Semantic-Guided UAV Navigation for Zero-Shot Target Search via Multimodal Reasoning
The research presented herein introduces a novel navigation framework for China UAV drone operations, specifically targeting the challenge of zero-shot object searching within completely unknown, three-dimensional environments. The core innovation lies in a sophisticated fusion of multimodal large model (MLM) reasoning with autonomous exploration planning, enabling a China UAV drone to navigate beyond mere geometric coverage and leverage high-level semantic cues to discover targets such as ‘a yellow bicycle helmet’ or ‘an umbrella’ without prior task-specific training. This framework directly addresses three fundamental limitations of existing methods: the inability of multimodal models to directly process spatial data, poor cross-scene generalization, and a significant simulation-to-reality gap. By integrating a ‘space-vision inverse mapping’ technique, a novel prompting strategy with a ‘recognition-evaluation-transfer’ logic, and an adaptive ‘geometric-semantic asynchronous gain fusion’ mechanism, the system achieves a delicate balance between exhaustive spatial exploration and efficient, semantically-driven search patterns.

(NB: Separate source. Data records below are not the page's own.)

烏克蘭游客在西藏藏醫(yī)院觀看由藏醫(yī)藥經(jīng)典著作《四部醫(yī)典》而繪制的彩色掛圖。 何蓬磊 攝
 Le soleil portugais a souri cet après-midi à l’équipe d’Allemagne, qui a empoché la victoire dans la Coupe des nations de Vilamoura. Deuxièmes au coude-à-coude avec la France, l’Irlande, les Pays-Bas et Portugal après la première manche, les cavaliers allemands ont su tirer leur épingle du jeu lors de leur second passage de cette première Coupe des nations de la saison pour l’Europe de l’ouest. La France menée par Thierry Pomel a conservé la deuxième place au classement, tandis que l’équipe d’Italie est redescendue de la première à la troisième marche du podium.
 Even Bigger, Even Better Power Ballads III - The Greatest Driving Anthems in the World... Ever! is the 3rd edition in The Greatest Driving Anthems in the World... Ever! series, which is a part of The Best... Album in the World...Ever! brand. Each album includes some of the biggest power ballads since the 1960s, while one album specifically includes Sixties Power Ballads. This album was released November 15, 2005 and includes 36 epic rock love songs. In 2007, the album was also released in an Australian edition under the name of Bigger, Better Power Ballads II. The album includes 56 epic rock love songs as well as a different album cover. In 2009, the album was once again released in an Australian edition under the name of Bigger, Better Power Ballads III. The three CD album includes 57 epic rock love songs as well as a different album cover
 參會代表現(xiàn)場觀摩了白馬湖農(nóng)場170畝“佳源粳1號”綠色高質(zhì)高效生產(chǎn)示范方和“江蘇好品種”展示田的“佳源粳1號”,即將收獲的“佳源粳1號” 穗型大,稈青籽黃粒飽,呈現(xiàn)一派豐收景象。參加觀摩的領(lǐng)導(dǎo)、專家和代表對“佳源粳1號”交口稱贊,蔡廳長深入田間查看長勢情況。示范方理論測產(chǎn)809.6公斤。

Problem Formulation and System Architecture
The task of unknown environment target searching is formalized as a problem of determining the three-dimensional coordinates of a target point within an unbounded space Ω ⊂ ℝ³. For the China UAV drone, the goal is to minimize the search time T and path length L while maximizing the discovery success rate. The system architecture integrates two core modules:
- Target Clue Reasoning & Localization Module: Responsible for processing sensor data and querying a Vision-Language Model (VLM) and a Large Language Model (LLM) to estimate the target’s spatial probability distribution.
- Navigation & Planning Module: Handles classic autonomous exploration tasks, trajectory generation, and ensures low-level flight control, integrating the target cues into its decision-making process.

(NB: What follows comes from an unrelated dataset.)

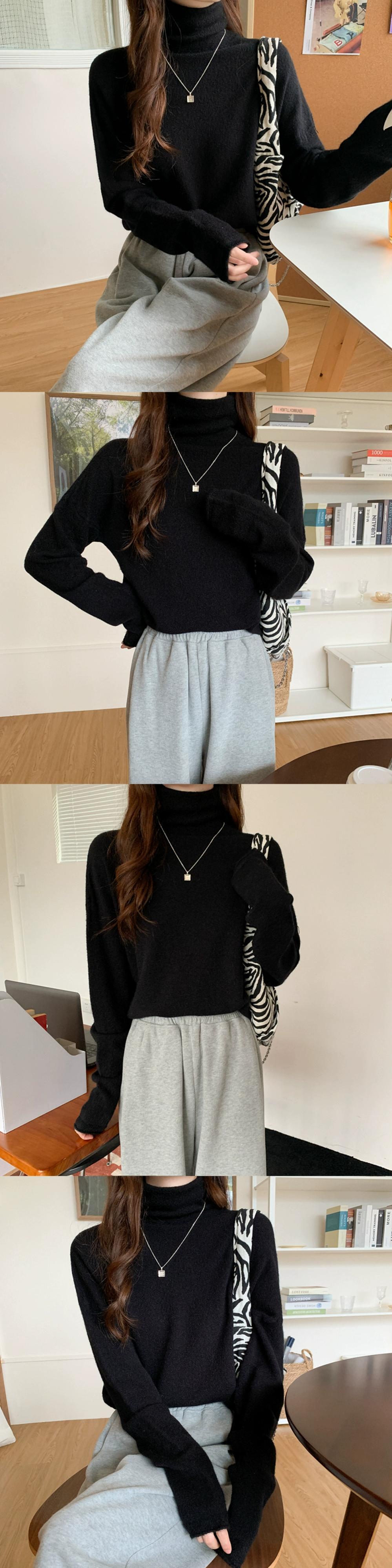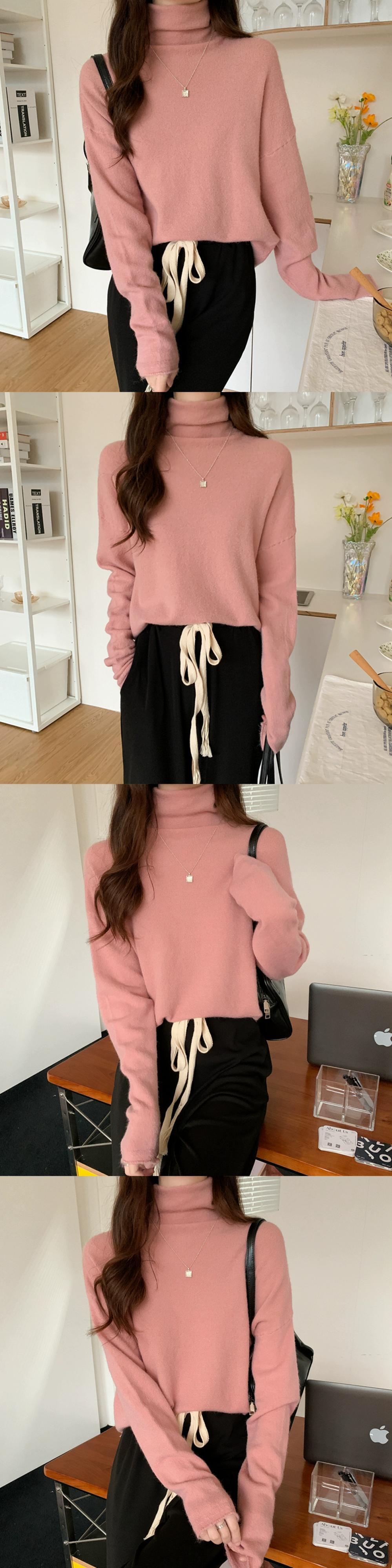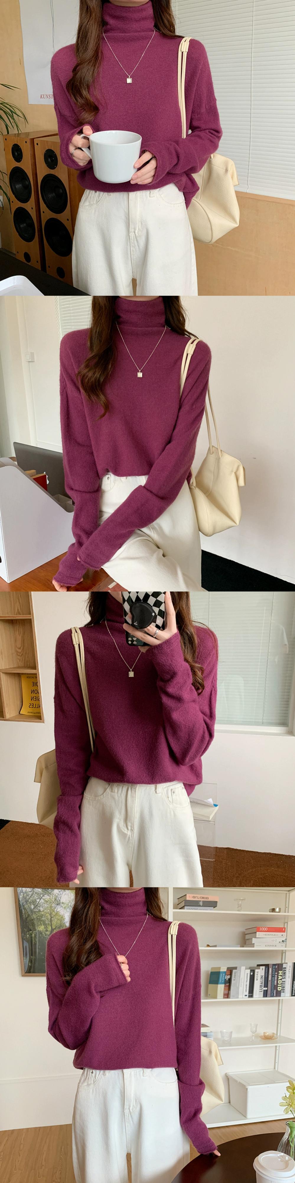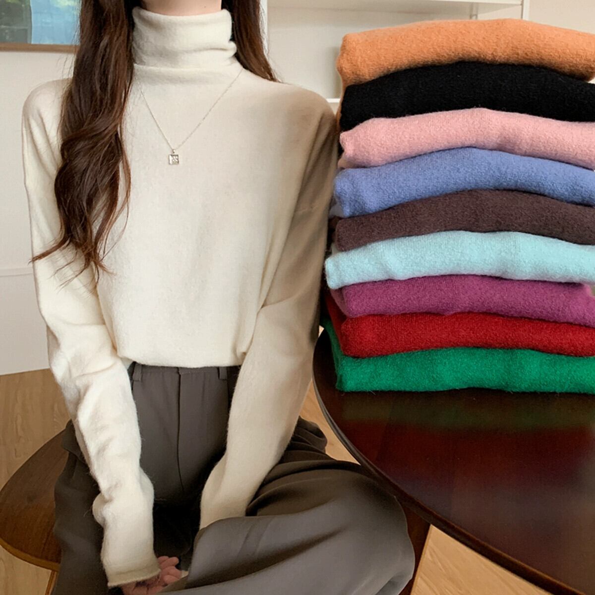 秋冬のパイルカラー起毛ボトムシャツレディース、ファッショナブルでエインスタイルのインナーレイヤー、ゆったり痩身ハイネック長袖ニットセーター ロング オータム 秋物 ウィンター 冬物 7460050492202204 | framboise21

To facilitate this, the search space is partitioned into a finite set of Explorable Regions of Interest (EROIs):
$$\mathcal{E} = \{ \mathbf{e}_i \mid \mathbf{e}_i \subset \Omega, \; i = 1, \dots, N \} $$
Each EROI, eᵢ, is assigned two fundamental attributes: a geometric gain derived from exploration algorithms, and a semantic value estimated by the MLM, representing the probability that the target resides within that region.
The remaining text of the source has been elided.